Yesterday, I celebrated my 32nd birthday. Maybe a crash soon after was inevitable.
What I fear most is what I battle with most. A life without purpose. I wanted to write this blog despite it being a difficult one to write. I never started this blog with intentions of only journaling the highs. Depression is something after all, we are forced to live with.
My life it seems is torn between periods of great clarity on the one hand and confusion on the other. I desire to live a purposeful life despite constant thoughts that my life and contribution is purposeless. Don’t think for a second that what I’m after is any type of compliment or reassurance, my need is much more basic. Compliments are empty gifts if I don’t posses self-belief. Do I believe that my life is purposeful? On days like this, I really don’t. The feeling I have is of a gaping hole in my spirit – abysmal in its depth and unprecedented in its force. It sucks life out of me faster than I can cling to anything worth clinging on to. It’s called depression.
I catch myself thinking what real ‘purpose’ I seek so tirelessly to have? I don’t have a clear answer. Fulfilment would help me live a purposeful life but in blue periods like these, I can’t seem to find any in anything I do. So what do I do? Do I continue to pursue this effort in finding a purpose in life? Or do I give up? No one is limitless. Life is a gift. I know that – because losing my mother at the tender age of seventeen taught me that. But, life has come with its struggles. I’ve been hospitalised 4 times in the last four years and continue to battle mental health and weight issues (weight not helped by my cocktail of MH meds). Every hospitalisation becomes more difficult as does re-building my life afterwards. I stupidly promise myself I’ll never go back, yet find myself back on the ward. My thoughts? When will this end? Sometimes, the battles feel overwhelming and I feel weak. Too weak to do it all over again. What captain would send his troops to war unarmed and in ill shape? A President of fools. A conscientious and diligent leader would surrender – eager not to ridicule his troops. The captain’s strength is in knowing his limits and being able to challenge – without setting his troops up for failure.

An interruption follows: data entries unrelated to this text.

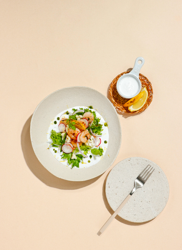 새우는 그릴에서 센 불로 불맛을 입히고, 신선한 잎채소, 레디시, 아스파라거스, 적양파까지 넣고 구운 레몬즙과 함께 섞는다. 여기에 코코넛밀크 드레싱에 대파기름까지 더해주면, 파인 다이닝 부럽지 않은 일품 샐러드가 완성된다.
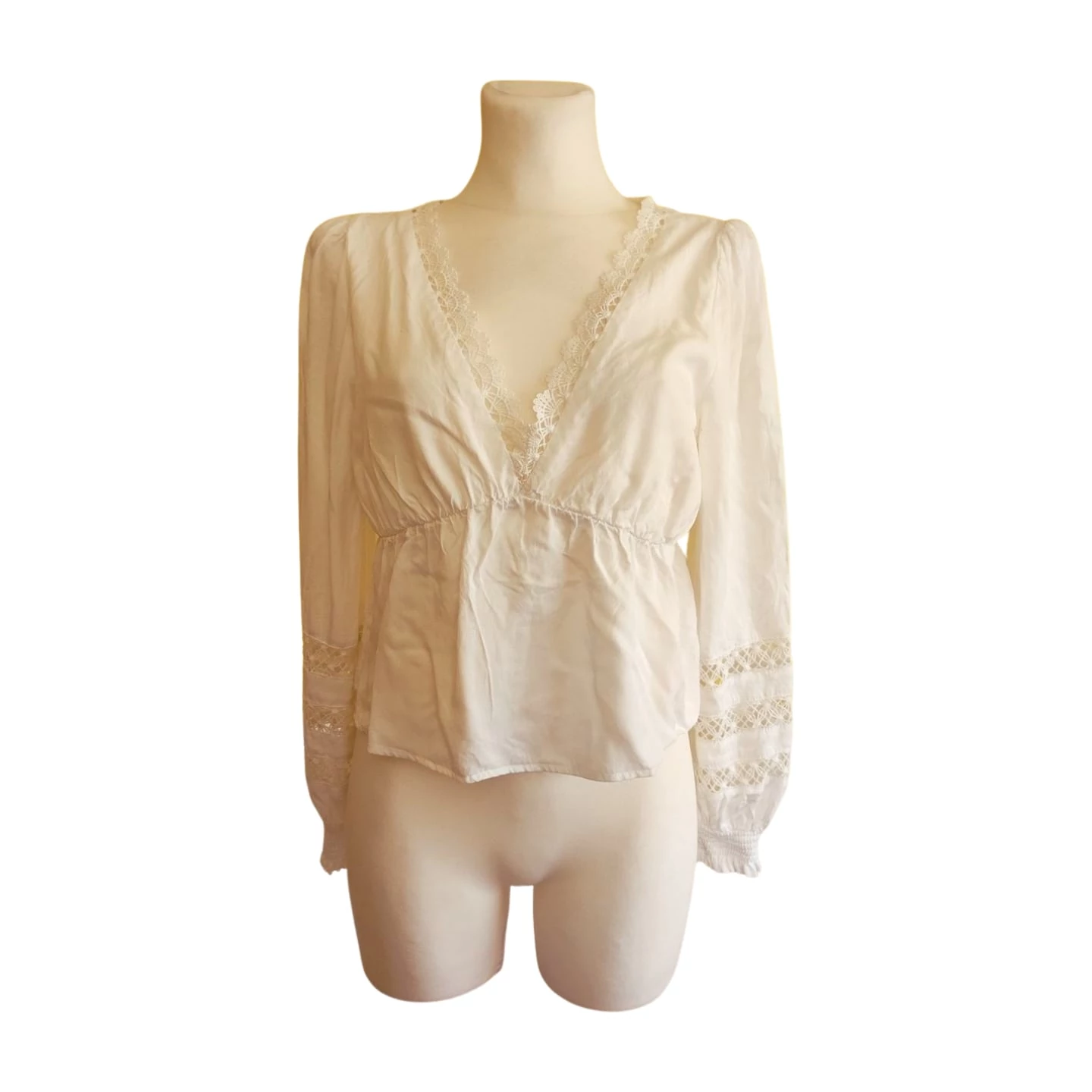 Ez a Guido Maria Kretschmer fehér női blúz egy csinos darab, ami sokdalú és jól kombinálható hétköznapi vagy akár más nőies, elegáns kiegészítőkkel is. Kiváló választás egy hétköznapi szetthez, programokhoz. Fazonja mély dekoltázsú, ujja hosszú, áttört horgolt mintával díszítve. Puha, vékony pamut anyaga miatt nagyon komfortos viselet. Ajánlott átlagos alkatú hölgyeknek.
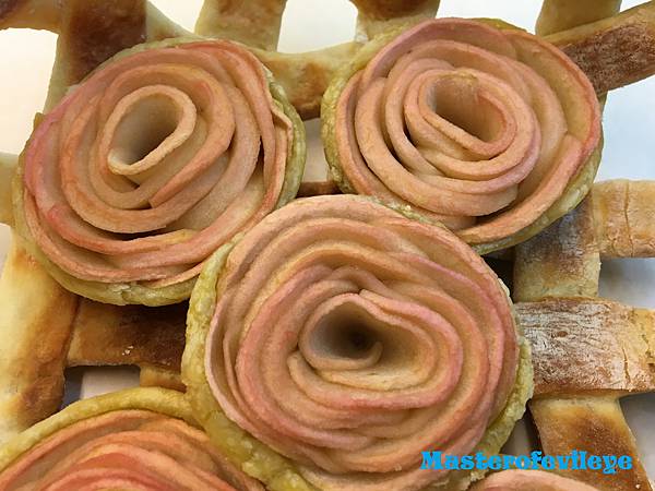 一般的蘋果塔要有紅色只能不削皮,不過蘋果皮的口感實在很粗糙啊
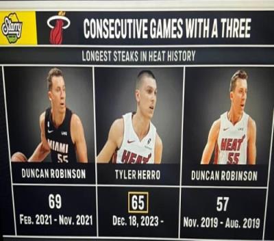 这样一来,希罗已经连续65场比赛命中三分,目前排名队史第二位,队史纪录为邓肯-罗宾逊的69场。
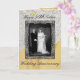 Recorte de renda branca e fundo de cetim dourado com moldura preta e prata. Acento de anéis dourados. Interior: Texto e 2ª foto que também é elegantemente emoldurada. *Texto personalizável. Por favor, use os modelos à direita para sua conveniência.
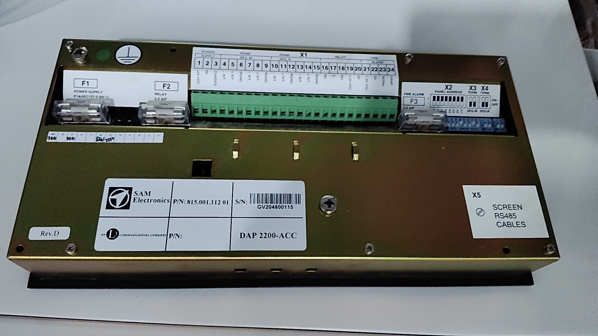 - 规范标识:表面清晰标注品牌(SAM Electronics)、型号(DAP 2200-ACC)、产品编号(P/N:815.001.112 01)及序列号(S/N:GV204800115),便于产品追溯和管理。
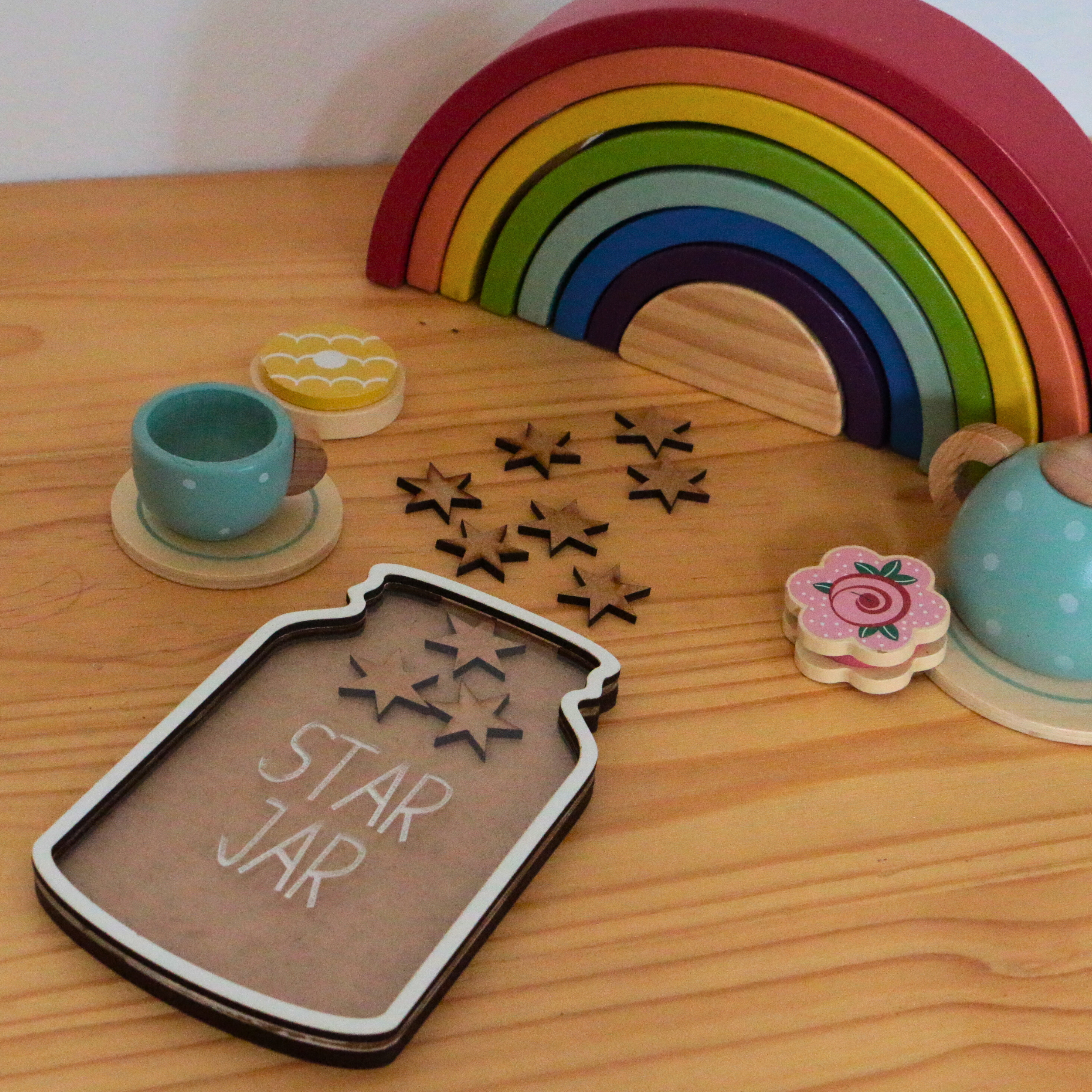 Material: 3mm MDF colour with clear acrylic and 20x gold/silver stars

I know that some will tell me I have a lot to live for and that I ought to be grateful for life and the people I have in it, and I am grateful – but depression doesn’t work that way. We don’t get to ‘choose’ how we feel, unfortunately. Depression singles you out of your own life and holds you prisoner whilst it froths at its ugly mouth looking at you rot. Who would honestly value such an existence?
It’s been a while a since I felt like this. The latest blog posts have been refreshingly upbeat. But, I have felt this blue period coming on for a while, whilst hoping all along that my feelings were miscalculated. Maybe writing will help – only time will tell. In the meantime, please excuse me for a while, as I curl up and try to sit this storm through.